# 5 Gallon ADA journal - River Bank



## uvafred13 (Oct 18, 2007)

just out of curiosity how big is your CO2 tank, and how many BPS are you running?


----------



## jinx© (Oct 17, 2007)

Nice little setup. Those look like zebra danios to me btw.


----------



## FelixAvery (Jan 11, 2007)

Yes they are zebras lol I mustve been in a daydream when i wrote that.

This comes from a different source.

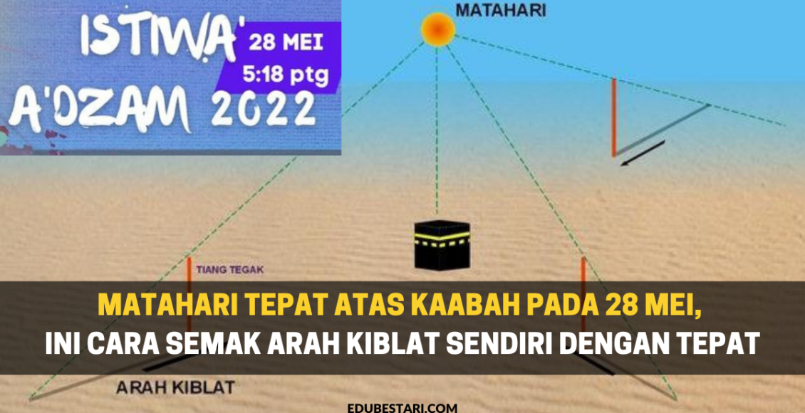 Umat Islam di Malaysia boleh membuat semakan tepat arah kiblat dengan hanya melihat bayang matahari pada 28 Mei 2022 (Sabtu) ini. Ia susulan fenomena dikenali sebagai Istiwa’ A’dzam atau kedudukan matahari berada pada titik zenith iaitu atas Kaabah di Masjidil Haram, Mekah, Arab Saudi ketika waktu berkenaan.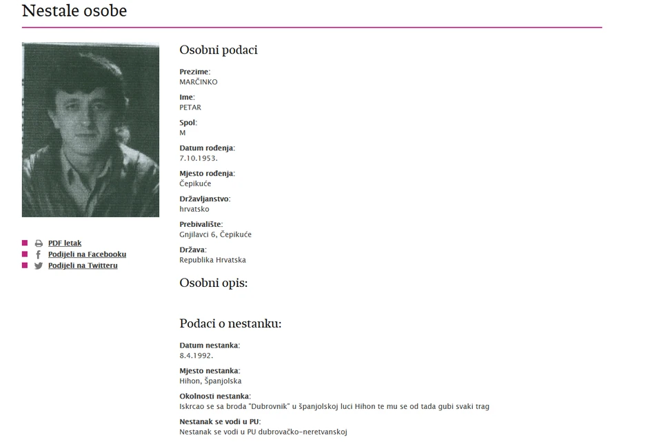 Marčinko se već 30 godina vodi u Nacionalnom registru nestalih lica, uz napomenu da se 1992. godine iskrcao sa broda „Dubrovnik” u luci Hihon u Biskajskom zalivu. Ali mornaru se gubi svaki trag po dolasku u provinciju Asturija.

CO2 tank is one of the 5kg jbl bottles which i bought nearly 10months ago, im run about 2-3 bps


----------



## garuf (May 30, 2007)

I prefer it in it's first configuration, this new scape seems a lot less defined.


----------



## D.C._United_Caps_Fan (Mar 9, 2008)

That's a great looking little tank and setup ya got goin on there! Ive looked for 5G tanks, but cant seem to find them anywhere, other than those eclips6 kit types. Those arent bad, but Im partial to all glas, and the standard shape. Where did you get yours? Is yours glass or acrylic? Great job!!roud:


----------



## garuf (May 30, 2007)

Felix got his from AE but they're British, you can get an equivalent from ADA from aqua forest or where ever, ask for a 12" cube.


----------



## FelixAvery (Jan 11, 2007)

Yeh garuf is right the tank is from AE and its glass.
I really like that size of tank its very easy to scape.
I think i agree about the lack of defenition on the scape i hope it will improve when my java fern arrives to fill up the back corner.

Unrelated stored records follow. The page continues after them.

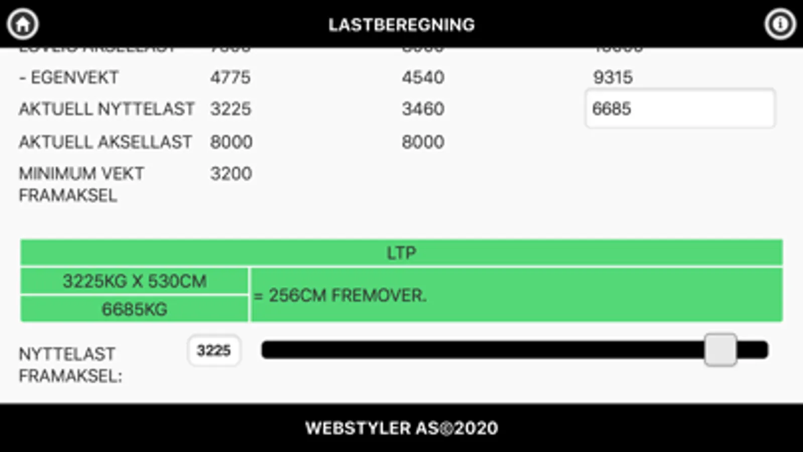 Legg til ett eller flere kjøretøy, og beregn maks tillatt nyttelast/aksellast, eller legg inn nyttelast selv.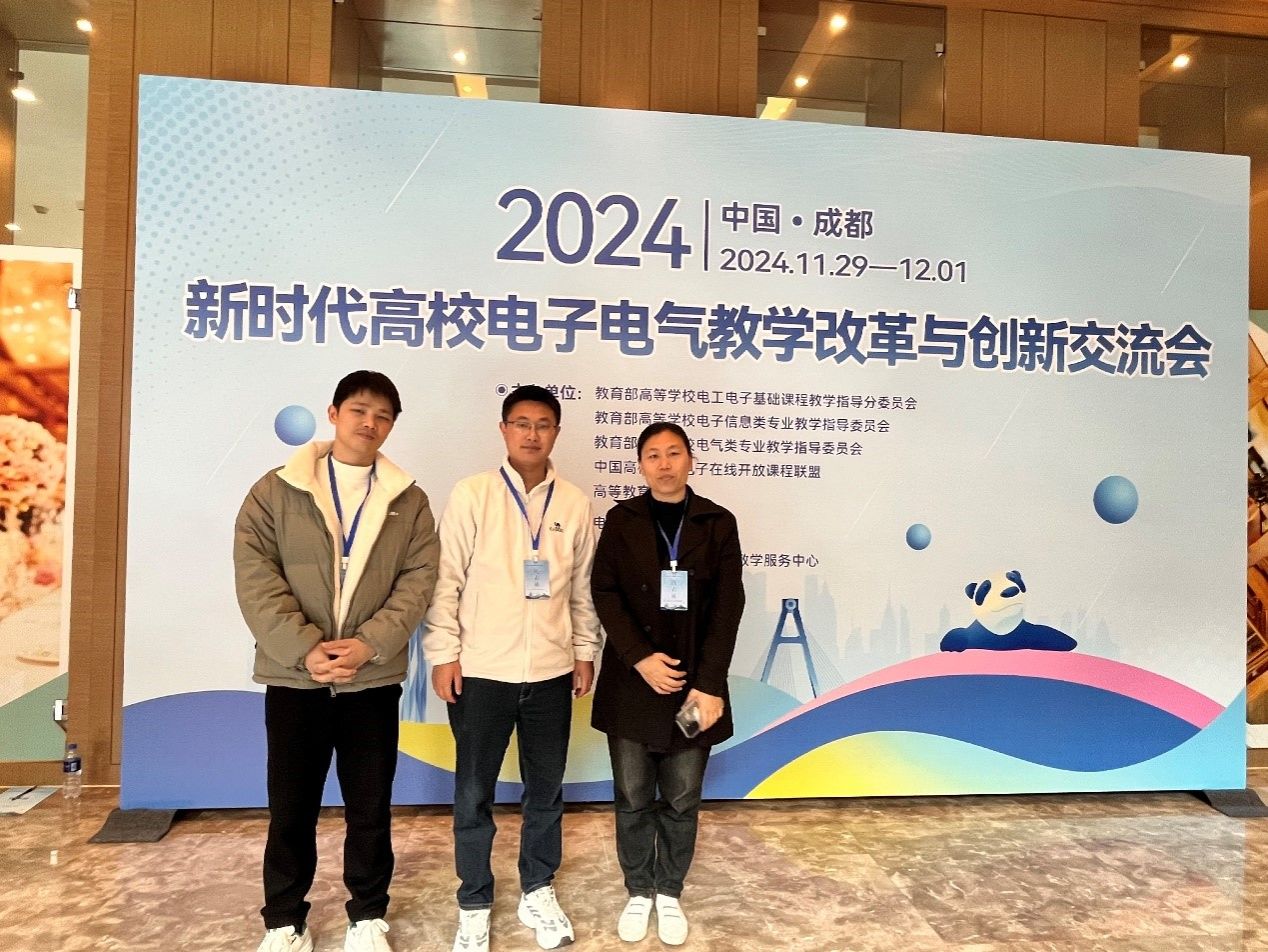 2024年11月29日至12月1日电气工程学院智能电网教研室的杨小品、丁小华、夏雪峰三位教师参加了在成都举行的“2024新时代高校电子电气教学改革与创新交流会”。会议由教育部多个指导委员会和高等教育出版社联合主办,电子科技大学承办,旨在贯彻全国教育大会精神,推动教育科技人才发展,加强拔尖创新人才培养,建设高质量教育体系。会议聚焦人才培养与课程教材建设,探讨电子电气教学改革与创新。三位教师积极参与讨论,分享经验,带回新思路,为学院教学改革注入活力。学院将继续参与此类学术交流,促进教学科研发展。(图/文 夏雪峰、杨小品、丁小华)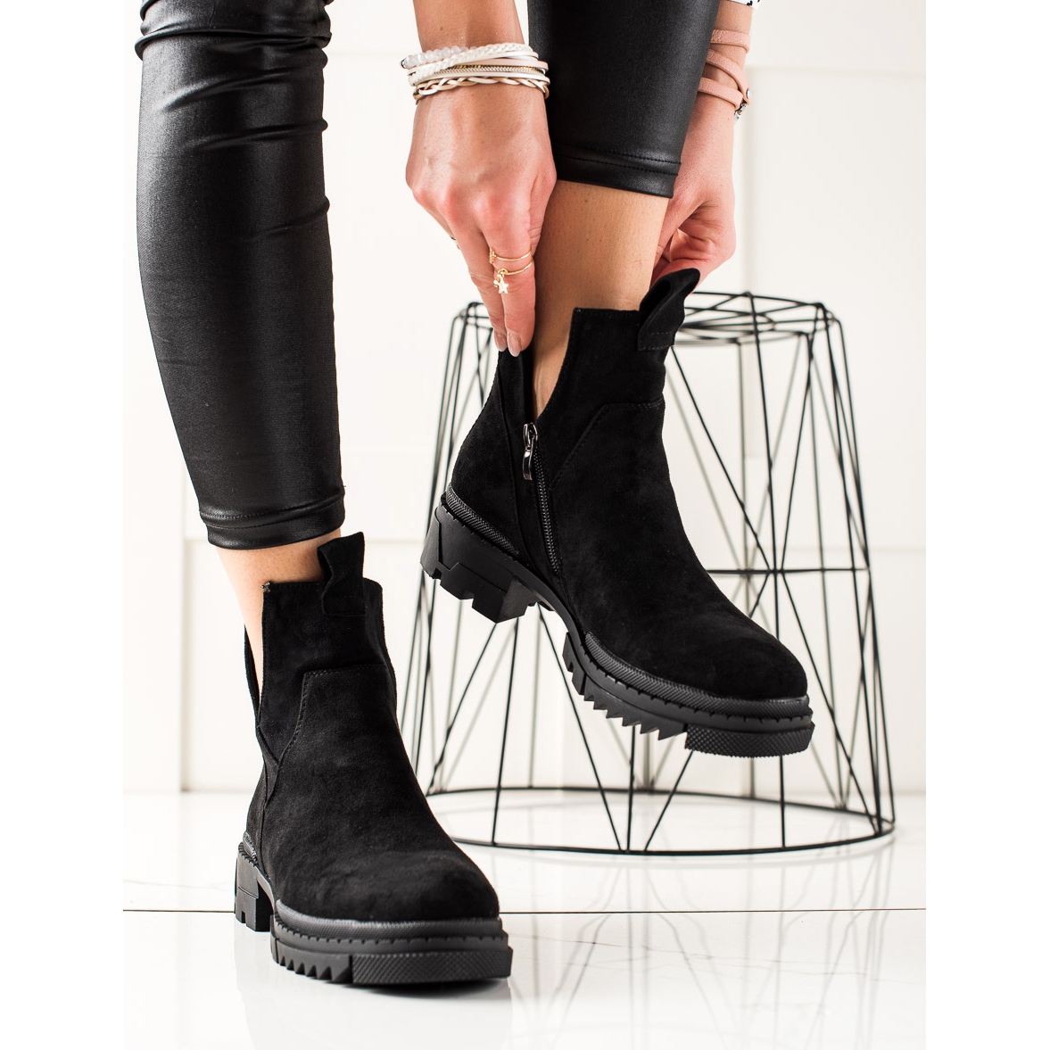 Fedezze fel a kivételes kényelmet és eleganciát a W. Potocki gyártó fekete velúr munkáscsizmáinak kivágásával. Ez a stílusos női bokacsizma tökéletes mindennapi ajánlat, amely sikeresen illeszkedik hétköznapi stílusához, tökéletes városi és hétköznapi stílushoz egyaránt.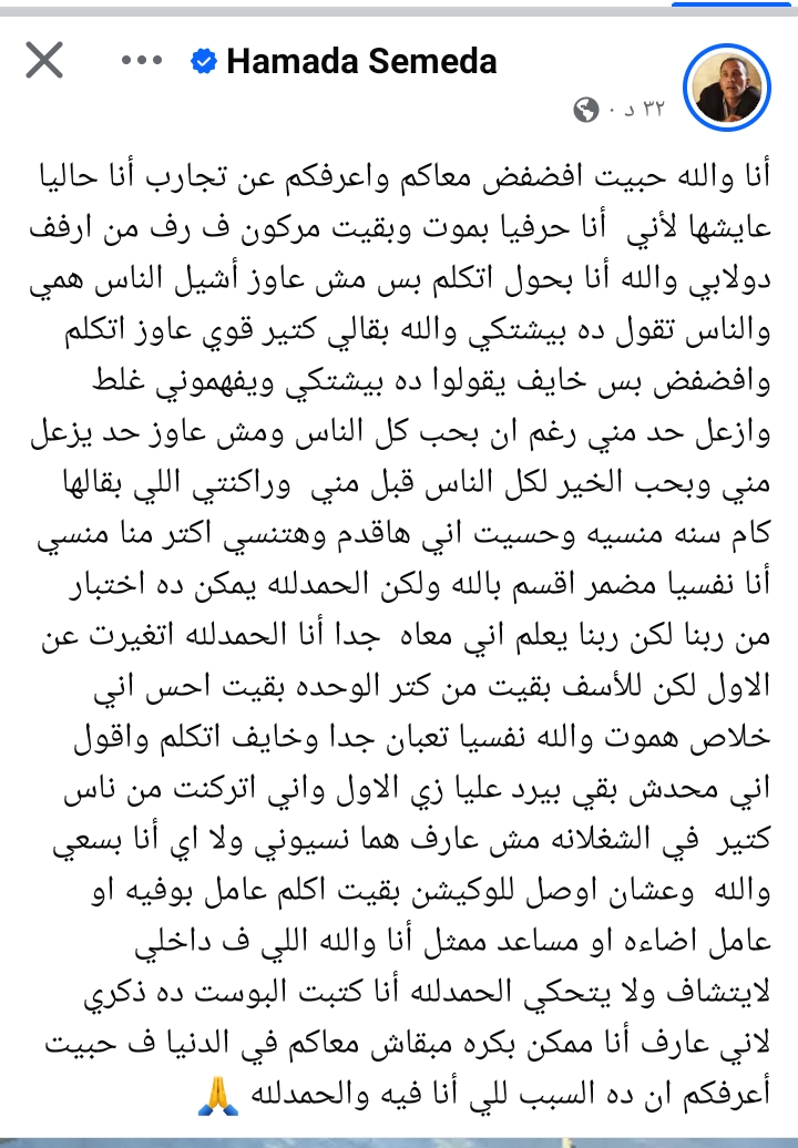 وكتب حمادة صميدة عبر حسابة الرسمي بـ موقع التواصل الاجتماعي فيسبوك قائلًا: أنا والله حبيت أفضفض معاكم وأعرفكم عن تجارب أنا حاليا عايشها لأني حرفيا بموت وبقيت مركون في رف من أرفف دولابي، والله أنا بحاول أتكلم بس مش عاوز أشيل الناس همي والناس تقول ده بيشتكي والله بقالي كتير عاوز أتكلم وافضفض بس خايف يقولوا ده بيشتكي ويفهموني غلط وأزعل حد مني رغم أني بحب كل الناس.

I looked this morning and ive got loaads of new shoots from the hairgrass its exciting ive never been able to grow it before.


----------



## HatchetHaven (Mar 9, 2008)

*Hi!

*Looks good. Great job there - a nice setup.
​


----------



## FelixAvery (Jan 11, 2007)

thanks man i reaaaally want hatchets do you think they wud be ok in this setup?


----------



## D.C._United_Caps_Fan (Mar 9, 2008)

FelixAvery said:


> Yeh garuf is right the tank is from AE and its glass.
> I really like that size of tank its very easy to scape.
> I think i agree about the lack of defenition on the scape i hope it will improve when my java fern arrives to fill up the back corner.
> 
> I looked this morning and ive got loaads of new shoots from the hairgrass its exciting ive never been able to grow it before.

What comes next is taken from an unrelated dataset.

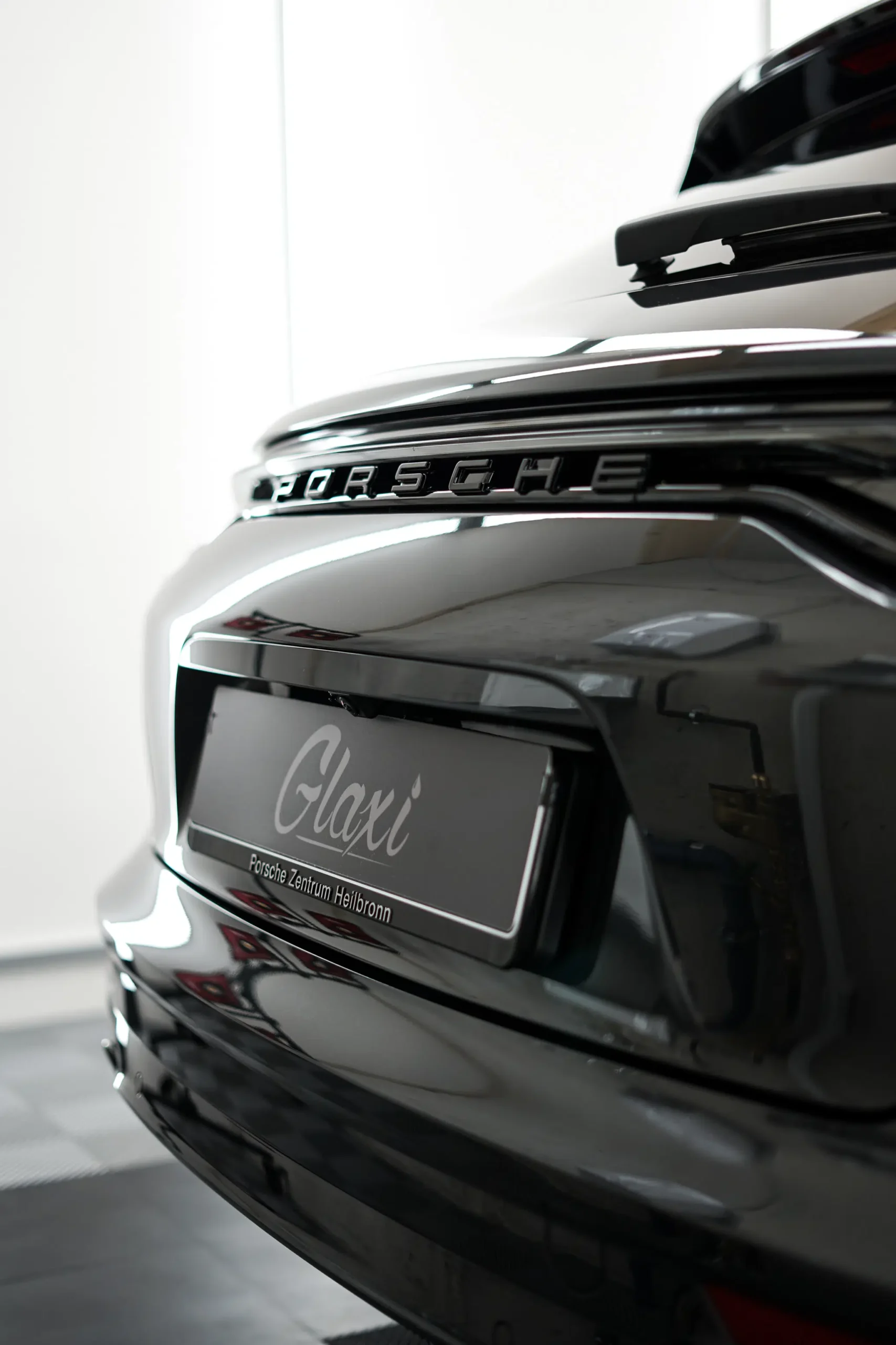 • Porsche Logo auf grauer Motorhaube glänzt nach Lackpflege

I still think it looks great! Even if you arent totally happy with it. HAHA! Ive always tended to like the good old fasioned rectangular all glass tanks, but those cubes are really really nice. I think I almost like those better.



FelixAvery said:


> thanks man i reaaaally want hatchets do you think they wud be ok in this setup?


I think the would be fine, although they have been known to be jumpers, so you would need to keep the tank as covered as possible. They like to hang out very near the surface, sometimes in filter return currents.


----------



## Timanator (Dec 19, 2007)

Looks great, the first version was better, I think the equipment was hidden better in that one.


----------



## D.C._United_Caps_Fan (Mar 9, 2008)

Timanator said:


> Looks great, the first version was better, I think the equipment was hidden better in that one.



I actually liked the first version the best too!:icon_lol:


----------



## garuf (May 30, 2007)

No on the hatchets. that tank is simply too small, with hatchets think long.


----------



## FelixAvery (Jan 11, 2007)

Yeh comparing the two pictures obviously the first one is nicer, but thats a finished scape thats had a few months of growth

i like hatchets im going to put some in my 15gal when i redo it or a have a 20 gal 60cm long tank that is only 20cm high, its a really unique tank and i cant wait to put a proper scape in it

this is my 15 gal







when it was just setup unfrotunately that had a huge algae problem i couldent deal with so i took it apart, but i did manage to crow a full carpet on hc. (heres a word of advice dont let ANY powersand lie on the surface)

heres my wabi-kusa









this is the 60cm tank i was talking about










more pictures of the old scape

























Finally, my java fern arrived ill post a picture up when i get home, ive actually just had a ned with a knife try to mug me and got cut, im ok tho i kneed him in the balls n got away, my mum is fussing over me and wont let me go home :icon_roll 

the fish seem to like the java fern and once it gets bigger it should give hte effect i want, i might try and get some nice stones to put in as im still not sure about the hardscape.


----------



## jinx© (Oct 17, 2007)

Nice tanks.

I have to say I really like that old 5g scape myself, but I'm sure you'll have the new one looking just as good given time. 

What's the foreground in the old 5g scape?

Glad to hear you came away from the attempted mugging relatively ok.


----------



## FelixAvery (Jan 11, 2007)

foreground was riccia, its a realllly easy and effective plant, the first tank had no co2 or ferts i should add, and incandescent lights for most of the life of the tank


----------



## garuf (May 30, 2007)

Sorry to hear about your shiving incident, where in edinburgh was it?
Just be glad you don't live in Stoke, you wouldn't be telling us about what happened...
I like the look of the 15, new thread?


----------



## FelixAvery (Jan 11, 2007)

I got chibbed at sighthill underpass its a dive , u wont ever need to go there hopefully, scotland neds are the worst in the world, but edinburgh is a haven usually.

15gal has nothing in it atm but wil be scaped soon

i have had some hair algae issues starting up in the 5gal any ideas on how best to treat?


----------



## garuf (May 30, 2007)

Nasty. 

I'd dose excel and keep the co2 super high until you add fish.


----------



## FelixAvery (Jan 11, 2007)

fish are in already, zebra danios, im gonna order some excel or something does AE sell it


----------



## garuf (May 30, 2007)

Yeah AE sell it but you might as well get easy carbo and save yourself a few pounds. 
If you can up the co2 and watch the fish if they gasp turn it down. 
Try bundling in some fast growers too.


----------



## xNinja (Mar 16, 2008)

It's looks really nice. Can't wait for updates. =]


----------